Twenty years ago this woman was slapped so violently on the head by her husband that she suffered a brain haemorrhage, causing injuries that will end her life prematurely.

Her sharp mind has been stunted by two strokes, her nose broken and her beautiful face disfigured.

She was thrown against iron gates and strangled during a decade of humiliating domestic abuse.

Now doctors have told her she has permanent neurological damage that will slowly cripple her limbs and cannot be treated.

She says simply: “I was murdered in 1994 but it is taking me a very long time to die.”

The Ham&High cannot name the woman, who has lived in Hampstead for 28 years, because her ex-husband has not been charged with any crime.

This is despite significant evidence, including photos of the injuries, doctors’ notes referring to the attacks and witness statements from her two children.

The 58-year-old has spoken out this week to urge the government to scrap rules that stop prosecutors pursing some allegations of historic abuse, in the hope that other women who go to the police years after suffering domestic violence can seek justice.

She said: “I have been robbed of justice and I don’t even have my dignity left.

“The law of historic abuse against victims of domestic violence must be changed because people of my generation were beaten to the point where they are left with life-long damage.

“The limitation for cases to be brought should be never, just like rape.”

Her ex-husband, who she describes as a huge man who was a boxing champion as a teenager, was arrested in October last year but was this month told no further action will be taken.

She accuses him of four violent attacks between 1983 and 1994.

She now lives in assisted accommodation in Hampstead and is registered disabled, with chronic pain on the side of her face, and neurological problems that cause blurred vision, dizziness, slurred speech and difficulty walking.

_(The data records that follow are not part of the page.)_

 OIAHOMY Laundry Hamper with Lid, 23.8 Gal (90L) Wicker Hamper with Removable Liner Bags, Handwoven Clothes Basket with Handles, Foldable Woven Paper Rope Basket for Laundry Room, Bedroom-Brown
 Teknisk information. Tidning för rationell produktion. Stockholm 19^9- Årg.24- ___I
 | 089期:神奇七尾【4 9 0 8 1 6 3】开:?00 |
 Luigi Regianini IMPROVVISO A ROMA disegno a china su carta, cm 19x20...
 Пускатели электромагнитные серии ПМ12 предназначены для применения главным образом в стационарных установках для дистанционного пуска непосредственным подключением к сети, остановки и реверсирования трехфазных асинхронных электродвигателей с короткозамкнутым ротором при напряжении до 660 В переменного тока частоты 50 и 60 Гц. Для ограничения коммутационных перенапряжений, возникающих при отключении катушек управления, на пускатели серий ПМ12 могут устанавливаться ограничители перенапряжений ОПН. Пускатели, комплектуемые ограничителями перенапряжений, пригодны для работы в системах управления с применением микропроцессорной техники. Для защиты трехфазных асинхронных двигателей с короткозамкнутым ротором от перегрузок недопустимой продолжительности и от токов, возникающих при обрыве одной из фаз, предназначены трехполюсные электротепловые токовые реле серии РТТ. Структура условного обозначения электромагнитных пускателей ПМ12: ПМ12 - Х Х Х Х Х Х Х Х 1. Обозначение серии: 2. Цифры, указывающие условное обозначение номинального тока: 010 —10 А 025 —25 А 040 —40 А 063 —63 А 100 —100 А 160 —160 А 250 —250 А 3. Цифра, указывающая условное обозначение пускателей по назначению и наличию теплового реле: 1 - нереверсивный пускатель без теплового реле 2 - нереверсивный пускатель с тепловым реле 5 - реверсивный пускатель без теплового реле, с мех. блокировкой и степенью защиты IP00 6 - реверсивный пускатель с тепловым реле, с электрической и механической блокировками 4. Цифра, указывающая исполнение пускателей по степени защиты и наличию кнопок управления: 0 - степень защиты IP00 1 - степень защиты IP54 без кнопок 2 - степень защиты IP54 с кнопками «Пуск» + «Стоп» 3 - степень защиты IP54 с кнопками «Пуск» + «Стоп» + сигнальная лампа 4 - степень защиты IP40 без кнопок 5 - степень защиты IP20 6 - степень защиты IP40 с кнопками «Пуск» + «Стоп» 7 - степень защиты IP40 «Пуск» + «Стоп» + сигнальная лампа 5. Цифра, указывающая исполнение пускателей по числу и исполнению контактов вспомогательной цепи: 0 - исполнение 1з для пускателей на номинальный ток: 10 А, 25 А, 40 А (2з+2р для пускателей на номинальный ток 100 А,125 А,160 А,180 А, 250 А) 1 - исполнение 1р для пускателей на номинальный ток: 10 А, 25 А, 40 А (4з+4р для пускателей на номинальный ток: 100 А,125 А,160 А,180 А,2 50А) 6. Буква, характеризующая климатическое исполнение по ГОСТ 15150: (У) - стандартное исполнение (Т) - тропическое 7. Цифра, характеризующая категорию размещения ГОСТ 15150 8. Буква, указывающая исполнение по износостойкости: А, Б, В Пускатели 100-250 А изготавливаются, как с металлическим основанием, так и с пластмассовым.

Prosecutors could not charge her ex-husband with assault by beating because the offence must be put before a court within six months.

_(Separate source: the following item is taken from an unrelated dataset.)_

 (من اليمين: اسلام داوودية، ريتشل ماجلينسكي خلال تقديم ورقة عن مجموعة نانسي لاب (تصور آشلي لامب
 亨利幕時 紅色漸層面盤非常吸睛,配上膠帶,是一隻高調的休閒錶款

The Crown Prosecution Service (CPS) says evidence in her case was not strong enough to prove the more serious offences of actual or grievous bodily harm, which have no time limit.

This was partly because of the difficulty in accessing full medical records from two decades ago.

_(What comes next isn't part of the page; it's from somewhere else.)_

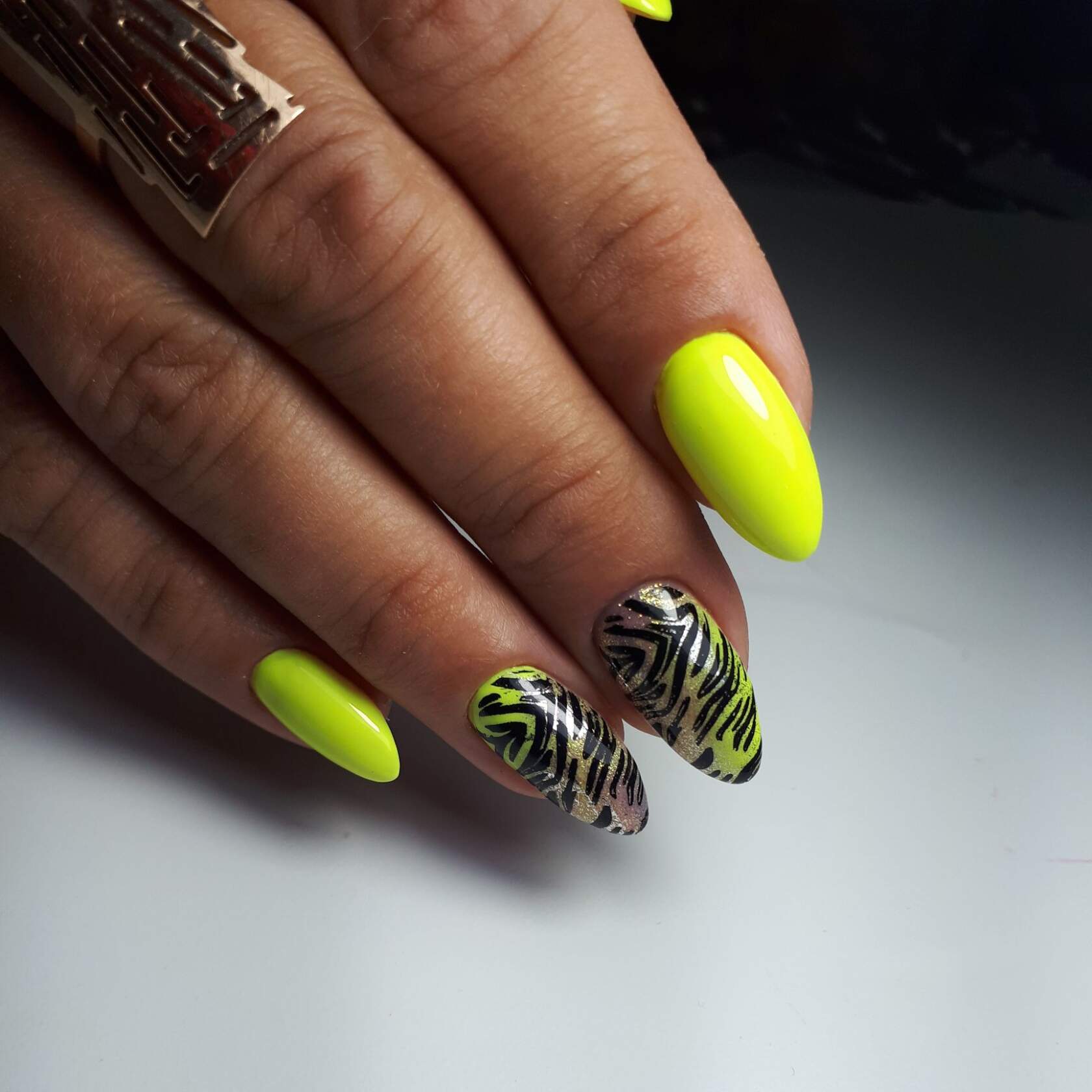 Гламурный летний дизайн ногтей с неоновым спецэффектом – хит уже несколько сезонов подряд. Экстремальный маникюр «любит» заостренные ногти овальной формы больше среднего размера или игривую квадратную форму не слишком длинных ногтей с чуть закругленными краями.
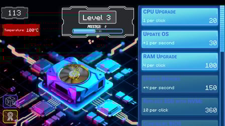 Para jugar Upgrade Your PC! en tu teléfono, simplemente toca el icono de CPU para ganar puntos. En tu computadora, utiliza el ratón para hacer clic repetidamente en el CPU. A medida que acumules puntos, podrás gastarlos para comprar varias mejoras, aumentando el poder de tu computadora. ¡Apunta a ganar puntos de experiencia (XP) para llevar tu nivel a 40 y completar el juego!

The CPS’s decision was all the more devastating as it took the woman 20 years to find the strength to report her ex-husband to police.

“You report them and then what?” she said. “They walk away feeling even more victorious than when they disabled you and that’s what happened with me. When will justice come?

“To take away my quality of life, to take away my mind, I’m afraid of my own shadow.

“I don’t know why I wanted to speak out but maybe it’s so someone can be saved, because I didn’t get the chance to be saved.”

A CPS spokesman said the case has been reviewed under the Victim’s Right to Review scheme and there remains a potential for an appeal against the decision not to take action against her ex-husband.